YOUR OBJECTIVE:
The task for the listing below is to write out exactly the lines starting at the one containing "Интерьер показан лишь" and ending at the one containing "Ce formidable coffret", both included. Pictures are to be omitted.

ENTRIES SUPPLIED:
——————

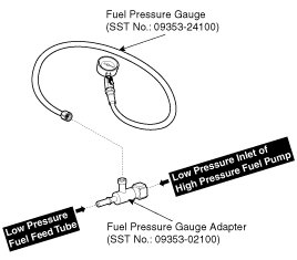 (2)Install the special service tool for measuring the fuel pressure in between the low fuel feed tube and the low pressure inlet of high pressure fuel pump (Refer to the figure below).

——————

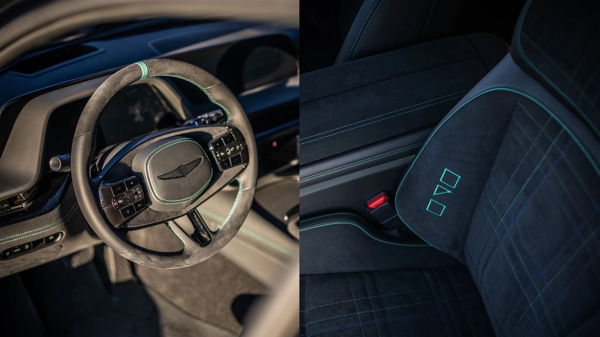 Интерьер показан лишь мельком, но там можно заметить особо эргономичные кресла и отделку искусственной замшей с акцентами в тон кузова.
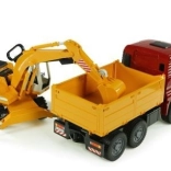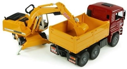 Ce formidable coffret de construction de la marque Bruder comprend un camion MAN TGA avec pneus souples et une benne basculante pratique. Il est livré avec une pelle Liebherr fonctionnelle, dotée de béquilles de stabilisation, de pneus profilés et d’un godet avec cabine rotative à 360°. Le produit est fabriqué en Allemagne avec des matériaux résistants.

——————

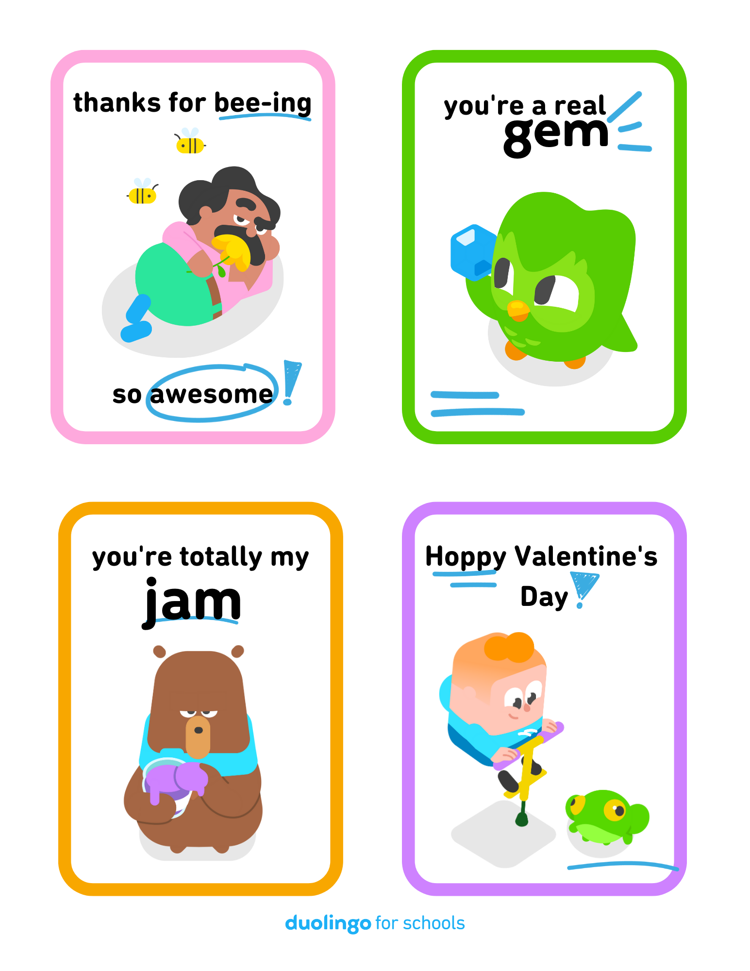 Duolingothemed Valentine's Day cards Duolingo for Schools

——————

YOUR SOLUTION:
 Интерьер показан лишь мельком, но там можно заметить особо эргономичные кресла и отделку искусственной замшей с акцентами в тон кузова.
 Ce formidable coffret de construction de la marque Bruder comprend un camion MAN TGA avec pneus souples et une benne basculante pratique. Il est livré avec une pelle Liebherr fonctionnelle, dotée de béquilles de stabilisation, de pneus profilés et d’un godet avec cabine rotative à 360°. Le produit est fabriqué en Allemagne avec des matériaux résistants.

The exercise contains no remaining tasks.